Recorded data
● ● ● ● ● ● ●
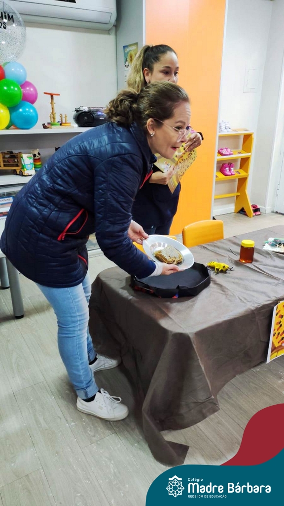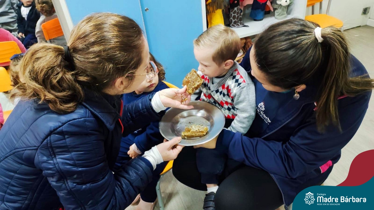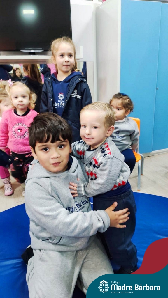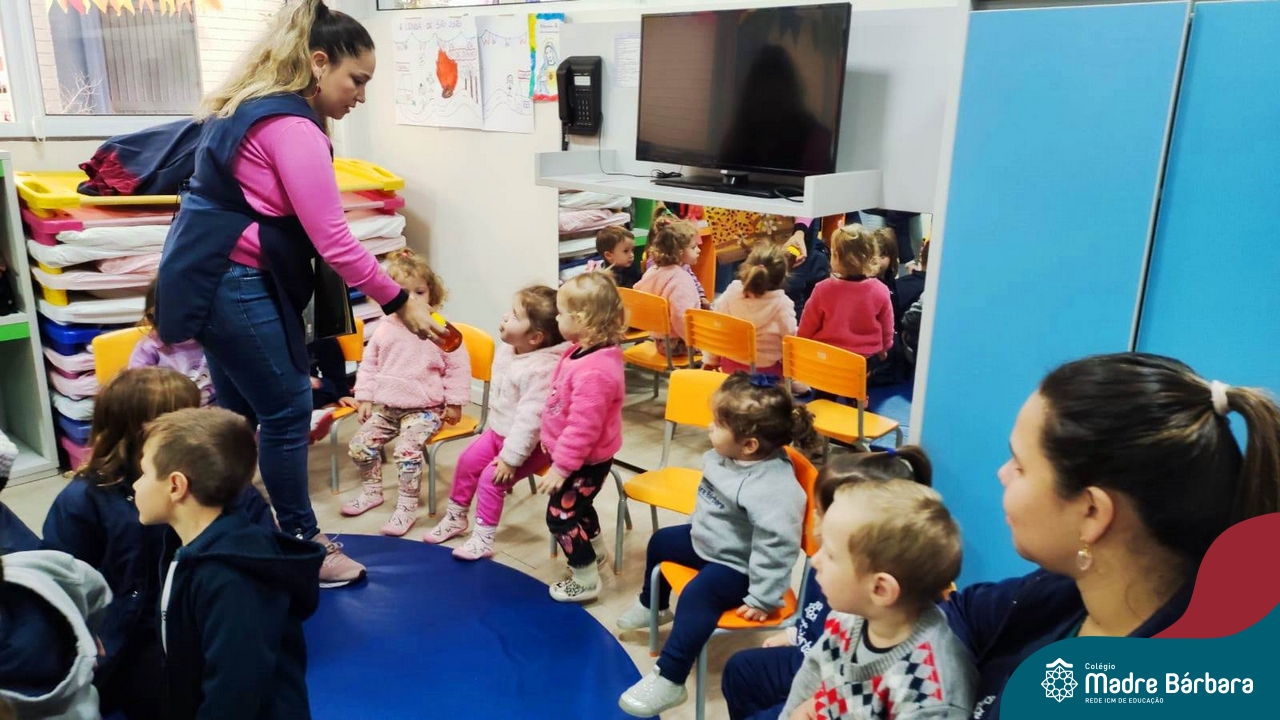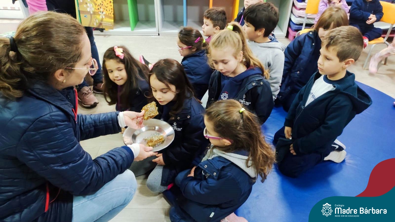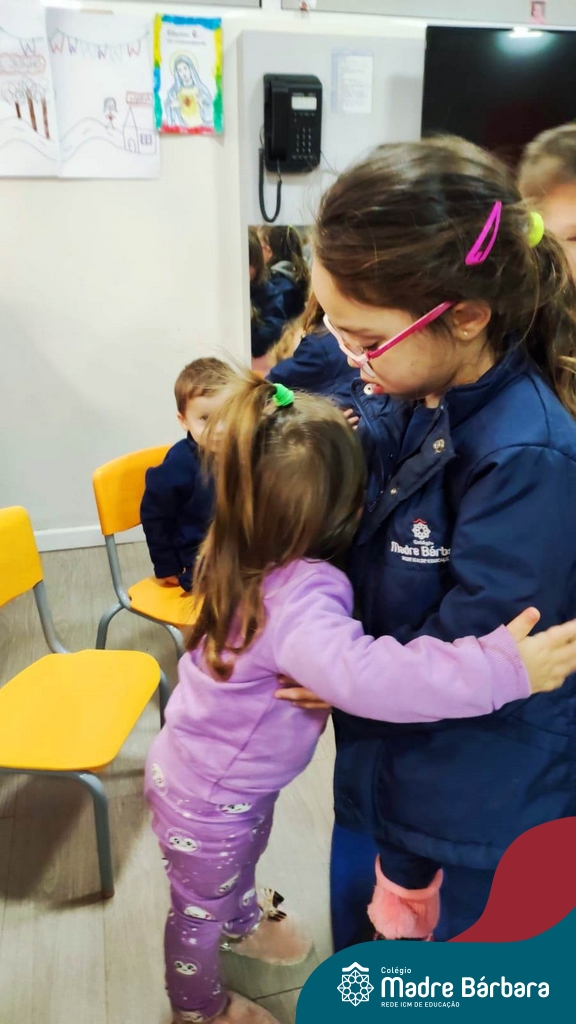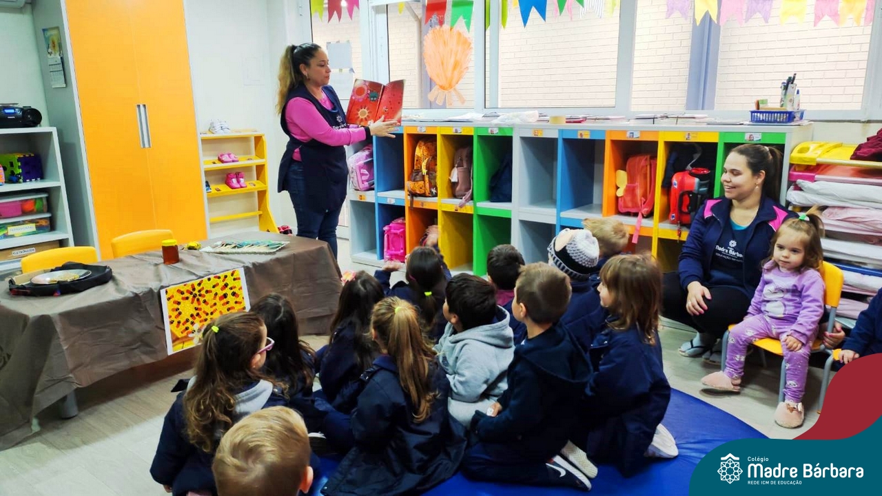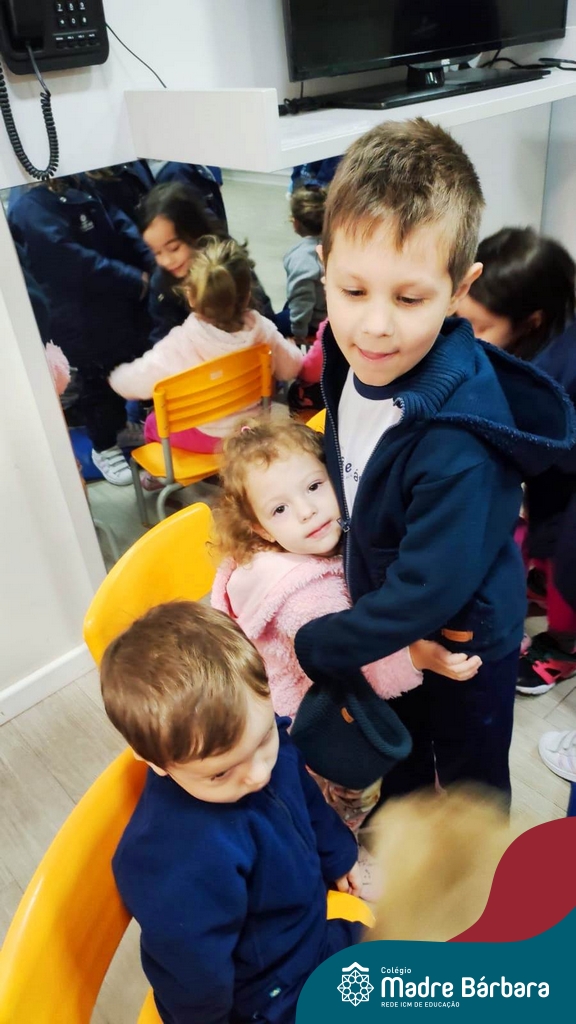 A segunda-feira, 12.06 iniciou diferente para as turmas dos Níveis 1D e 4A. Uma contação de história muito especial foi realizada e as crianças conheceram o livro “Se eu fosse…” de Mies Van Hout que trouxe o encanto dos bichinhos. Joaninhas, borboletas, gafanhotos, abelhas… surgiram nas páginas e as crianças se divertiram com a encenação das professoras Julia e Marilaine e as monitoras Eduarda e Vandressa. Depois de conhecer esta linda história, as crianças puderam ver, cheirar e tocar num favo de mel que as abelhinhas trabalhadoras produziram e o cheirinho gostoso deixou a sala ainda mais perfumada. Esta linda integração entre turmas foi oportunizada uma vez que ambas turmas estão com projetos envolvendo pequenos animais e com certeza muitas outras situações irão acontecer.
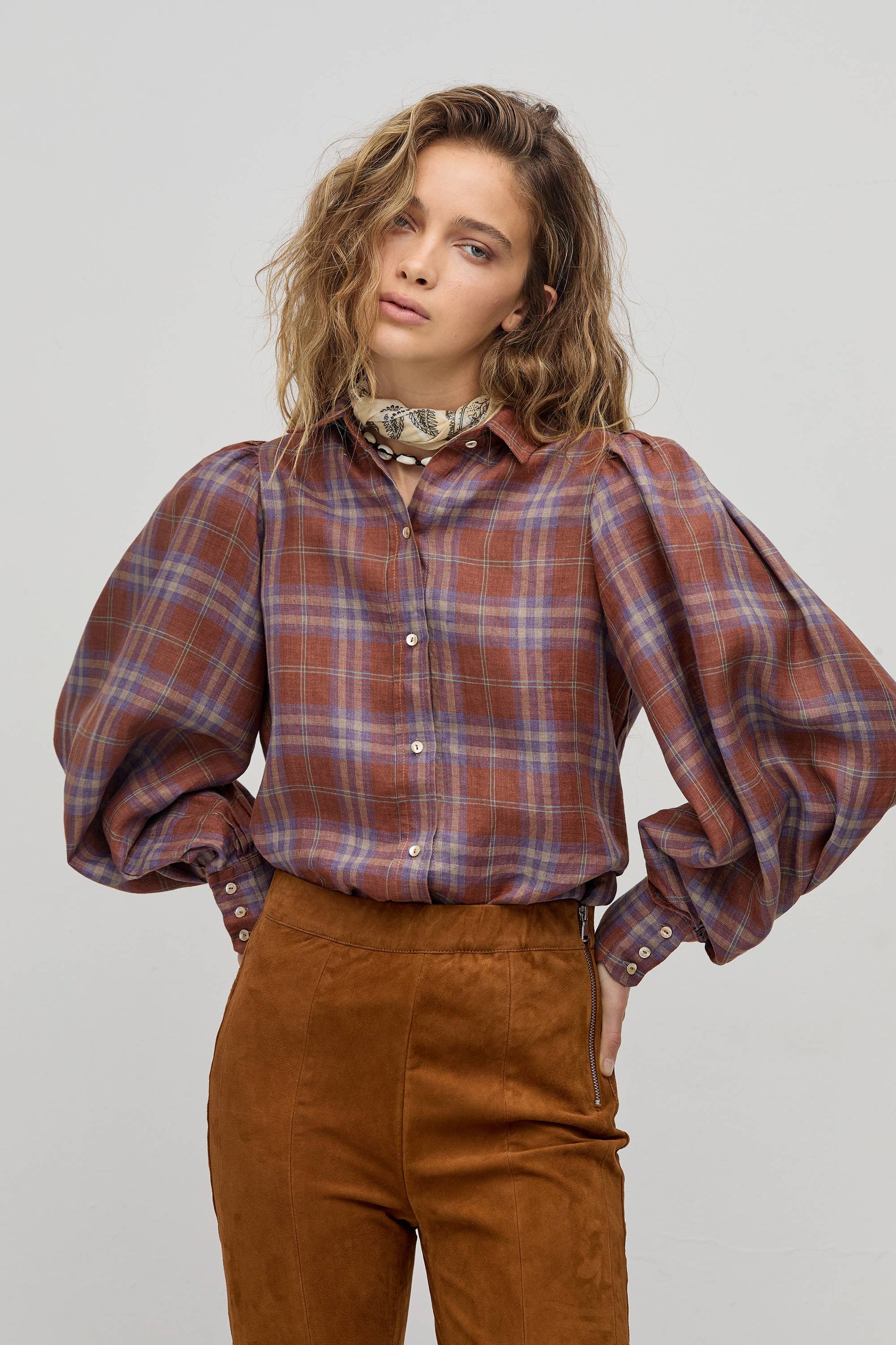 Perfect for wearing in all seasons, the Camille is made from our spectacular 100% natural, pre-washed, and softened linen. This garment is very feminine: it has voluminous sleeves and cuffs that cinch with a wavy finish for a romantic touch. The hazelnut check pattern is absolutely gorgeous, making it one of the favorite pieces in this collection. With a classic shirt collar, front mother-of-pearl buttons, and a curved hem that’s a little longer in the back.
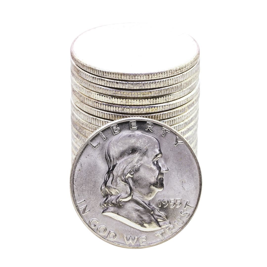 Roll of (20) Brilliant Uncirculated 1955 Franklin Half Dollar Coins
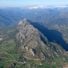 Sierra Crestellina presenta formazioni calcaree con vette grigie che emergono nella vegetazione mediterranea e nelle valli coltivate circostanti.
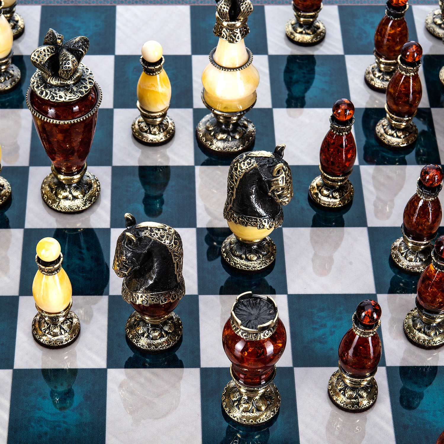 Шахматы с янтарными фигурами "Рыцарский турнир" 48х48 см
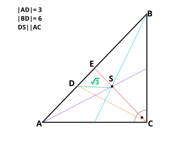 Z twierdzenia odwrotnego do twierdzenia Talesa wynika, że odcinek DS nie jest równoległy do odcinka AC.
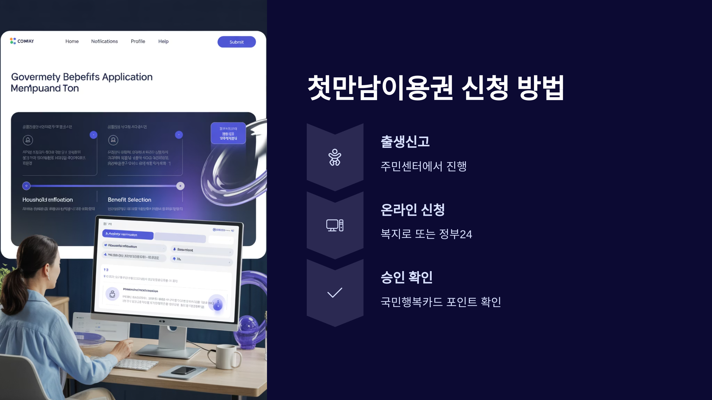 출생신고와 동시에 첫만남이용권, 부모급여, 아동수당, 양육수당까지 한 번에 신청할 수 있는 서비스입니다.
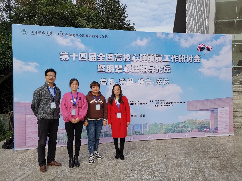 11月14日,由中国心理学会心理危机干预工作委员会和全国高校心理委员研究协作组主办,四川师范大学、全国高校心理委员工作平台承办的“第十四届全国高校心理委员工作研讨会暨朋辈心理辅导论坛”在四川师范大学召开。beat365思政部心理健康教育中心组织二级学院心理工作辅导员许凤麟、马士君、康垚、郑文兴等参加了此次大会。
● ● ● ● ● ● ●
How to complete this task> Output a verbatim copy of all entries above; no pictures go in it.

Solution for this exercise>
 A segunda-feira, 12.06 iniciou diferente para as turmas dos Níveis 1D e 4A. Uma contação de história muito especial foi realizada e as crianças conheceram o livro “Se eu fosse…” de Mies Van Hout que trouxe o encanto dos bichinhos. Joaninhas, borboletas, gafanhotos, abelhas… surgiram nas páginas e as crianças se divertiram com a encenação das professoras Julia e Marilaine e as monitoras Eduarda e Vandressa. Depois de conhecer esta linda história, as crianças puderam ver, cheirar e tocar num favo de mel que as abelhinhas trabalhadoras produziram e o cheirinho gostoso deixou a sala ainda mais perfumada. Esta linda integração entre turmas foi oportunizada uma vez que ambas turmas estão com projetos envolvendo pequenos animais e com certeza muitas outras situações irão acontecer.
 Perfect for wearing in all seasons, the Camille is made from our spectacular 100% natural, pre-washed, and softened linen. This garment is very feminine: it has voluminous sleeves and cuffs that cinch with a wavy finish for a romantic touch. The hazelnut check pattern is absolutely gorgeous, making it one of the favorite pieces in this collection. With a classic shirt collar, front mother-of-pearl buttons, and a curved hem that’s a little longer in the back.
 Roll of (20) Brilliant Uncirculated 1955 Franklin Half Dollar Coins
 Sierra Crestellina presenta formazioni calcaree con vette grigie che emergono nella vegetazione mediterranea e nelle valli coltivate circostanti.
 Шахматы с янтарными фигурами "Рыцарский турнир" 48х48 см
 Z twierdzenia odwrotnego do twierdzenia Talesa wynika, że odcinek DS nie jest równoległy do odcinka AC.
 출생신고와 동시에 첫만남이용권, 부모급여, 아동수당, 양육수당까지 한 번에 신청할 수 있는 서비스입니다.
 11月14日,由中国心理学会心理危机干预工作委员会和全国高校心理委员研究协作组主办,四川师范大学、全国高校心理委员工作平台承办的“第十四届全国高校心理委员工作研讨会暨朋辈心理辅导论坛”在四川师范大学召开。beat365思政部心理健康教育中心组织二级学院心理工作辅导员许凤麟、马士君、康垚、郑文兴等参加了此次大会。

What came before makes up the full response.